Golup, chapitre 1: Un miracle venait de se produire, par Seven

Chaque semaine depuis six mois, Seven, peintre dessinateur, se rend au centre d'Ivry-sur-seine accueillant les familles demandeuses d'asiles pour un atelier de dessin avec un groupe d'enfants. Ensemble, il dessinent leurs histoires. Un récit en six parties.

Presque tous les mardi depuis six mois, je me rends avec une bénévole au centre d'Ivry-sur-seine accueillant les familles demandeuses d'asiles pour un atelier de dessin avec les enfants. Ils sont environ une vingtaine et ils viennent après l'école. Certains partent, d'autres y restent ; le temps dans cet endroit est un moment en aparté tant ce lieu est un îlot dans la ville.

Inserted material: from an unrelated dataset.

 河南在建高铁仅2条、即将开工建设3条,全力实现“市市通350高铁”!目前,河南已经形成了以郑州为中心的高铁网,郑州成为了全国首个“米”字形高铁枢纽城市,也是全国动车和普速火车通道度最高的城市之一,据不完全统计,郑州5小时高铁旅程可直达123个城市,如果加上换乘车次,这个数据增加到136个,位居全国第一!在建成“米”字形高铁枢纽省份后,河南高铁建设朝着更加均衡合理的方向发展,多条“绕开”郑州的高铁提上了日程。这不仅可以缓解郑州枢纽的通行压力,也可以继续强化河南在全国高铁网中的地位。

Je fais des ateliers dans des yourtes avec une quinzaine d'enfants et quelques parents. Les familles y séjournent environ quatre mois. Au début, quand j'ai commencé, au centre humanitaire de porte la Chapelle, une fois la salle préparée,  les crayons et les feuilles disposés sur les tables, il me fallait aller parler aux gens pour les faire dessiner. C'est au bout de deux mois qu'ils se sont passé le mot. Ils ont commencé à venir assez naturellement dessiner leurs histoires. Je ne sais pas s’ils sont privilégiés du fait d'avoir survécu. Mais ils sont arrivés de l'autre côté et cela compte. Le premier dessin, celui du bateau, a été dessiné au camp en face du centre. C’était il y a trois mois, nous avions dessiné ce jour-là jusqu'à la nuit tombée. C'est un thème très fort et ils le dessinent assez rapidement. Je ne sais pas comment cela s'écrit mais Saffina, c'est le mot qu'ils emploient pour désigner leur embarcation. Mohamed vient du Tchad, il dessine avec une bénévole qui m'aide assez régulièrement. Ce jour-là près de cinquante feuilles seront remplies de Saffina. J'accrochais les feuilles avec du mastic et je les changeais au fur et à mesure. Les ateliers dans les camps, c'est souvent très vivant avec de la musique, du rap pour l'essentiel et de la musique érythréenne, soudanaise et afghane. Ceux du centre de la porte la chapelle ont lieu dans un réfectoire d'une vingtaine de places. Je m'y suis rendu à peu près quatre fois par semaine durant les huit derniers mois.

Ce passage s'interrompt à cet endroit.